Content starts

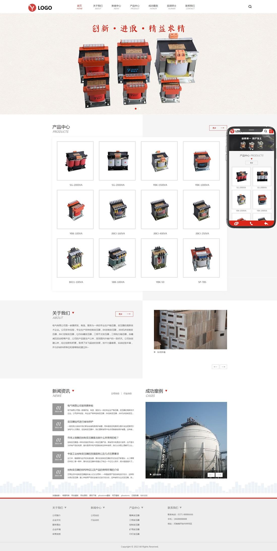 PbootCMS內(nèi)核開發(fā)的模板,該模板屬于控制變壓器、電力穩(wěn)壓器、減壓?jiǎn)?dòng)柜類企業(yè)使用!
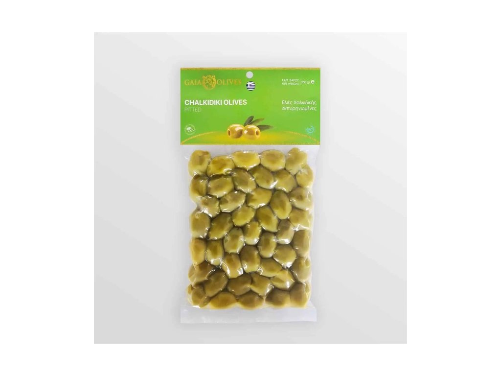 Složení: zelené olivy Chalkidiki, voda, mořská sůl, kyselina
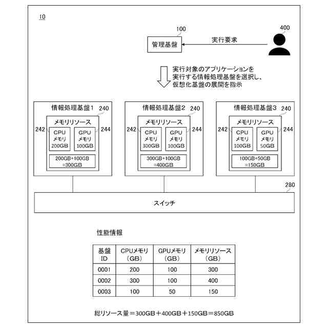 【解決手段】システム10において、メモリリソースを有する複数の情報処理基盤を管理する管理基盤は、各情報処理基盤のメモリリソースの空きリソース量を示す空きメモリリソース量情報と、複数の情報処理基盤の各情報処理基盤上で実行中のアプリケーションの数を示すアプリケーション数情報とを取得し、アプリケーションの実行要求を受け付け、実行要求に含まれ、実行対象のアプリケーションを実行するために割り当てられる必要があるメモリリソースの割当リソース量を示す割当リソース量情報と、空きメモリリソース量情報と、アプリケーション数情報とに基づいて、実行対象のアプリケーションを実行する情報処理基盤として、複数の情報処理基盤の中から、実行中のアプリケーションの数が最も少ない情報処理基盤を選択する。
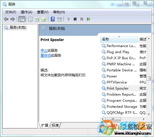 2、打开Win7系统的服务列表后,我们在右侧窗口中寻找 PrintSpooler服务,快捷的方法为选中任何一个服务并按“P”键系统会自动定位到以P开头的服务;
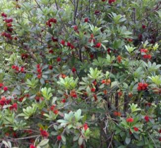 常 綠喬木,高可達12m,樹冠球形。單葉互生;葉片長橢圓或倒披針形,革質(zhì),長8-13cm,上部狹窄,先端稍鈍,基部狹楔形,全緣,或先端有少數(shù)鈍鋸齒, 上面深綠色,有光澤,下面色稍淡,平滑無毛,有金黃色腺體。花雌雄異株;雄花序常數(shù)條叢生于葉腋,圓柱形,長約3cm,黃紅色;雄花具1苞,卵形,先端尖 銳,小苞2-4片,卵形,雄蕊5-6枚;雌花序為卵狀長橢圓形,長約1.5cm,常單生于葉腋;雌花基部有苞及小苞,子房卵形,花柱極短。有2枚細長柱 頭。核果球形,徑約1.8cm,外果皮暗紅色,由多數(shù)囊狀體密生而成,內(nèi)果皮堅硬,徑約9mm,內(nèi)含無胚乳的種子1枚。花期4月。果期6-7月。
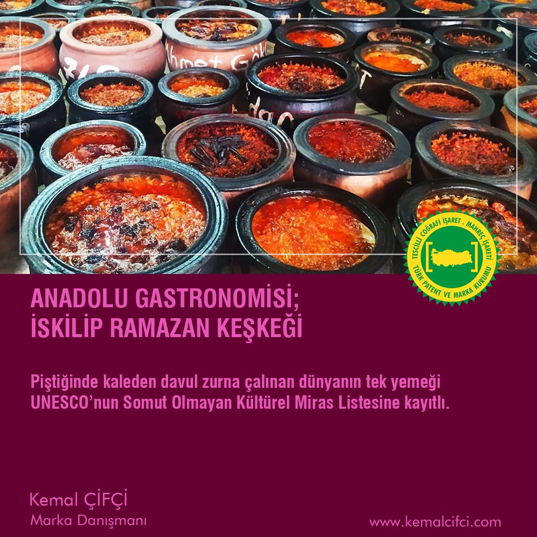 ANADOLU GASTRONOMİSİ; İSKİLİP RAMAZAN KEŞKEĞİ Kemal Çifçi / Marka Danışmanı Piştiğinde kaleden davul zurna çalınan dünyanın tek yemeği UNESCO’nun Somut Olmayan Kültürel Miras Listesine kayıtlı. Sabahtan hazırlanıp sekiz saatte odun ateşinde bekletilen keşkek; Fırıncıyla sahibini karşı karşıya getirir azda olsa. Yapan hanımın maharetini gösteren keşkek; aynı zamanda UNESCO’nun Somut Olmayan Kültürel Miras Listesine kayıtlı. Muziplerin nasibim bu deyip gözüne kestirdiği keşkeğini eve götürmesi ise Anadolu insanın hoşgörüsünden kaynaklanır. Geleneği ve lezzeti bu satırlara sığmayacak olan İskilip ramazan keşkeğini yemek için İskilip’te olmaktan başka şansınız yok. 23 Eylül 2021 tarihinde İskilip Belediyesi tarafından tescil edilen 902 no’lu coğrafi işaretli ürünümüz mahreç olarak tescil edilmiştir.

Content ends

About this task:
Please output the listing above in full, exactly as given, without its images.

Exercise output:
 PbootCMS內(nèi)核開發(fā)的模板,該模板屬于控制變壓器、電力穩(wěn)壓器、減壓?jiǎn)?dòng)柜類企業(yè)使用!
 Složení: zelené olivy Chalkidiki, voda, mořská sůl, kyselina
 【解決手段】システム10において、メモリリソースを有する複数の情報処理基盤を管理する管理基盤は、各情報処理基盤のメモリリソースの空きリソース量を示す空きメモリリソース量情報と、複数の情報処理基盤の各情報処理基盤上で実行中のアプリケーションの数を示すアプリケーション数情報とを取得し、アプリケーションの実行要求を受け付け、実行要求に含まれ、実行対象のアプリケーションを実行するために割り当てられる必要があるメモリリソースの割当リソース量を示す割当リソース量情報と、空きメモリリソース量情報と、アプリケーション数情報とに基づいて、実行対象のアプリケーションを実行する情報処理基盤として、複数の情報処理基盤の中から、実行中のアプリケーションの数が最も少ない情報処理基盤を選択する。
 2、打开Win7系统的服务列表后,我们在右侧窗口中寻找 PrintSpooler服务,快捷的方法为选中任何一个服务并按“P”键系统会自动定位到以P开头的服务;
 常 綠喬木,高可達12m,樹冠球形。單葉互生;葉片長橢圓或倒披針形,革質(zhì),長8-13cm,上部狹窄,先端稍鈍,基部狹楔形,全緣,或先端有少數(shù)鈍鋸齒, 上面深綠色,有光澤,下面色稍淡,平滑無毛,有金黃色腺體。花雌雄異株;雄花序常數(shù)條叢生于葉腋,圓柱形,長約3cm,黃紅色;雄花具1苞,卵形,先端尖 銳,小苞2-4片,卵形,雄蕊5-6枚;雌花序為卵狀長橢圓形,長約1.5cm,常單生于葉腋;雌花基部有苞及小苞,子房卵形,花柱極短。有2枚細長柱 頭。核果球形,徑約1.8cm,外果皮暗紅色,由多數(shù)囊狀體密生而成,內(nèi)果皮堅硬,徑約9mm,內(nèi)含無胚乳的種子1枚。花期4月。果期6-7月。
 ANADOLU GASTRONOMİSİ; İSKİLİP RAMAZAN KEŞKEĞİ Kemal Çifçi / Marka Danışmanı Piştiğinde kaleden davul zurna çalınan dünyanın tek yemeği UNESCO’nun Somut Olmayan Kültürel Miras Listesine kayıtlı. Sabahtan hazırlanıp sekiz saatte odun ateşinde bekletilen keşkek; Fırıncıyla sahibini karşı karşıya getirir azda olsa. Yapan hanımın maharetini gösteren keşkek; aynı zamanda UNESCO’nun Somut Olmayan Kültürel Miras Listesine kayıtlı. Muziplerin nasibim bu deyip gözüne kestirdiği keşkeğini eve götürmesi ise Anadolu insanın hoşgörüsünden kaynaklanır. Geleneği ve lezzeti bu satırlara sığmayacak olan İskilip ramazan keşkeğini yemek için İskilip’te olmaktan başka şansınız yok. 23 Eylül 2021 tarihinde İskilip Belediyesi tarafından tescil edilen 902 no’lu coğrafi işaretli ürünümüz mahreç olarak tescil edilmiştir.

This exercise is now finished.